Wie kam es dazu, dass Sie Musik mit Poesie vermischen?
Ich habe ein Interesse für das Geschichtenerzählen. Ich beobachte gerne und erzähle gerne. Vergleichbar mit einem Schriftsteller, der durch die Welt geht und alles aufschnappt. Es ist meine Liebe zum Alltag und zum Menschen. Alltagsphilosophie fasziniert mich.
Wer ist Ihr größtes poetisches oder musikalisches Vorbild?
Hildegard Knef fand ich toll. Sie hat zu ihrer Zeit freche, provokante und doch lustige Texte geschrieben. Das versuche ich in die Echtzeit nach Heute zu übertragen. Ein ganz großes Vorbild und wahnsinnig beeindruckend als Person für mich ist Edith Piaf. Ihr Leben war so unfassbar tragisch. Was diese kleine Frau alles erlebt hat, wie sie sich durchgebissen und voller Leidenschaft auf der Bühne ihre Chansons gesungen hat. Sehr beeindruckend und eine große Inspiration.
Ihre Lieder sind sehr humorvoll und weltbejahend. Woher nehmen Sie den Humor in tristen Zeiten?
Ich sehe das Leben mit einer Portion Realismus. Es gehört alles zum Leben dazu. Man darf nur die Hoffnung niemals aufgeben. Ich möchte Optimismus vermitteln, gerade in Zeiten, in denen die Menschen keinen mehr haben. Ich glaube an Menschen, an ein Miteinander, an Empathie. Und auch, dass Menschen sich verändern können. Es gibt eine Beweglichkeit im Optimismus. Egal wie schwer die Zeiten sind, ich sehe immer irgendwo im dunkelsten Tunnel ein Licht.
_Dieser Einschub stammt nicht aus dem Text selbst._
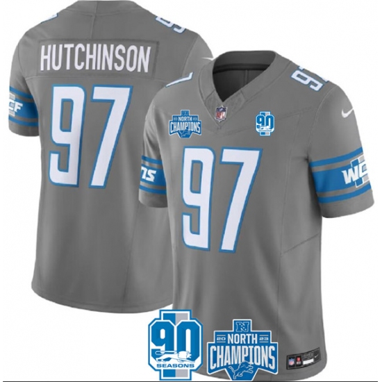 >Men's Detroit Lions #97 Aidan Hutchinson Gray 2023 90th Anniversary North Division Champions Limited Stitched Jersey

Hilft dabei auch die Musik?
Wenn ich singe, kann ich Traurigkeit kompensieren. Wenn ich singe, wird alles leichter. Wenn ich nicht weiß, wie es weitergeht, gehe ich eine Runde spazieren und ich gehe quasi schon weiter. Immer in Bewegung bleiben und sich nicht festbeißen an dunklen Gedanken, das möchte ich auch mit meiner Musik vermitteln.
Ein Song vom neuen Album heißt „Eisvogelfrau“. Vögel haben eine besondere Bedeutung in Ihrem Leben, wie kam es dazu?
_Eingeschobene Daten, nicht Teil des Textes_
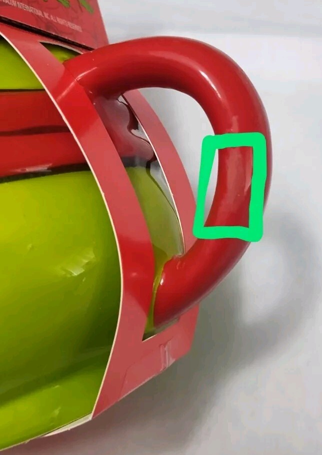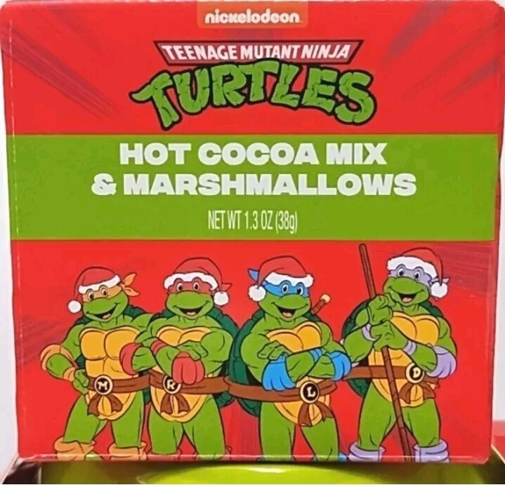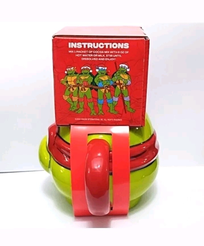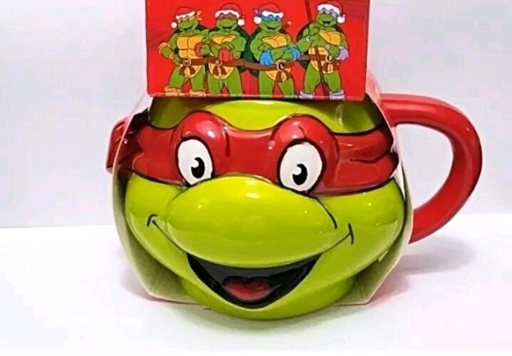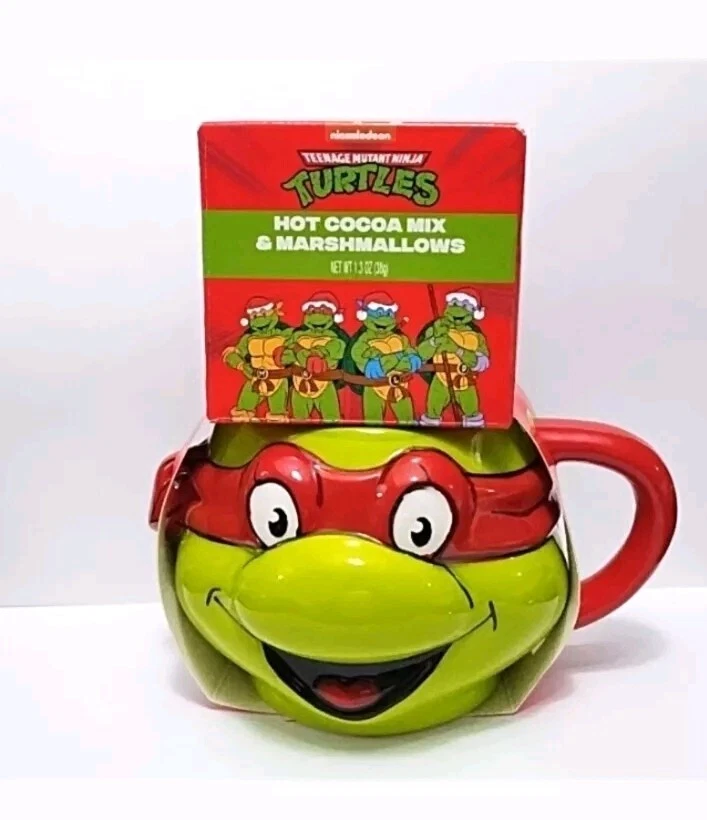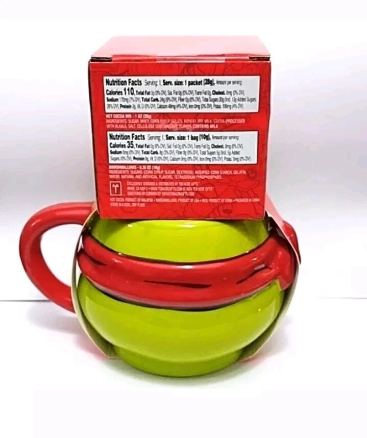 The product is a Nickelodeon Teenage Mutant Ninja Turtles mug featuring the character Raphael. This ceramic mug is designed with a colorful pattern and is perfect for enjoying hot beverages like hot cocoa. It comes sealed with a hot cocoa mix, making it a fun and practical collectible item for fans of the popular cartoon franchise. The mug is suitable for all occasions and would make a great addition to any kitchen or home decor collection. The handle is unpainted due to handling of the article, the unpainted area is outlined. make me an offer New sealed !!!

Ich wohne ja in Hamburg mittendrin. Im letzten Jahr bin ich viel spazieren gegangen und an einem Kanal habe ich einen Eisvogel gesehen. Ich konnte es gar nicht glauben. Inmitten der Großstadt ein türkisfarbener Diamant. Wie ein Fabelwesen. Dann habe ich angefangen mich zu interessieren, welche Vogelarten es gibt und habe bei Vogelzählungen mitgemacht. Seither habe ich ein richtig gutes Fernglas und fahre auch oft raus aus der Stadt.
Was kann ein Mensch von einem Vogel lernen?
Vögel lehren Leichtigkeit, Freiheit und Lebensfreude. Und natürlich viel über die Musikalität. Sie sind unglaublich virtuos. Wenn ich draußen unterwegs bin, achte ich auf die Melodien. Vogelgesang ist unheimlich vielfältig. Für mich als Musikerin ist das Zuhören auch eine Art von Gehörbildung. Ein Zaunkönig ist winzig klein und er singt so unglaublich. Woher nimmt er das Volumen? Das ist beeindruckend. Es lohnt sich, genau hinzuhören.
Wofür sind Sie am dankbarsten?
Dafür, dass ich meine Träume ausleben kann. Musik machen kann und meine Eltern mich immer unterstützt haben. Es gibt so viele Menschen, die Träume in sich haben, und diese niemals ausleben dürfen.